Empezó una tormenta que arrancó de raíz varios árboles del bosque. Terremotos sacudieron la tierra y rasgaron su corteza. Nubes negras con ojos inyectados de sangre oscurecieron la bóveda celeste y cayeron relámpagos de fuego que despertaron a los muertos.
Lo único reconocible de Lúi fue su sonrisa: estaba hecha de colmillos con ojos carmesíes en las puntas que incineraban todo cuando estuviera en su voluntad. Su cabeza era una colosal masa de carne palpitante cubierta de tentáculos con bocas donde salían cometas de hielo. Su cuerpo se convirtió en una torre de hueso cubierta de espinas que emitían un gas verdoso que formaba nubes corrosivas que derretían todo lo que se encontraba cerca. Sus ojos fueron reemplazados por un par de agujeros negros donde salían pequeños conejos sonrientes de pelaje negro, cuya risa provocaba que los árboles murieran al instante y crecieran en su lugar espinas moradas que emanaban sangre fresca.

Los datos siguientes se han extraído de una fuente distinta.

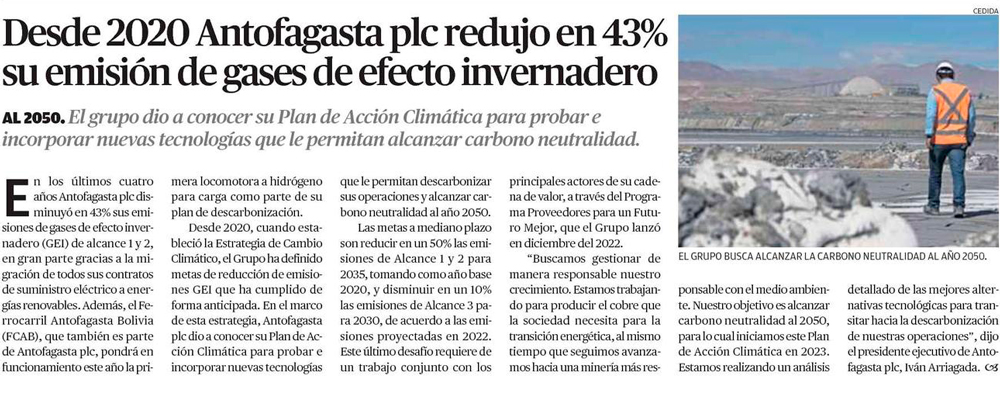Antofagasta plc redujo en un 43% sus emisiones de gases con efecto invernadero - (diarioantofagasta)
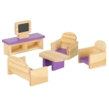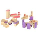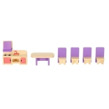 Set stilat de mobilier din lemn pentru căsuța de păpuși, în nuanțe de mov și roz, care va încânta orice mic designer. Conține până la 19 piese pentru living, dormitor, baie și bucătărie. Fabricat din lemn de calitate, șlefuit fin și lăcuit în siguranță. Susține creativitatea, motricitatea fină și jocul realist.

– ¡Levántate, Umankrazón! Mira a tus servidores con sangre en los labios para proclamarte nuestro señor. Te servimos en este mundo que es ahora tu dominio eterno. ¡Que tú seas nosotros y llévanos a la eternidad de tu sombra! – Todos los encapuchados y el viejo conejo se arrodillaron ante un dios liberado que destruía y creaba con el sólo hecho de existir.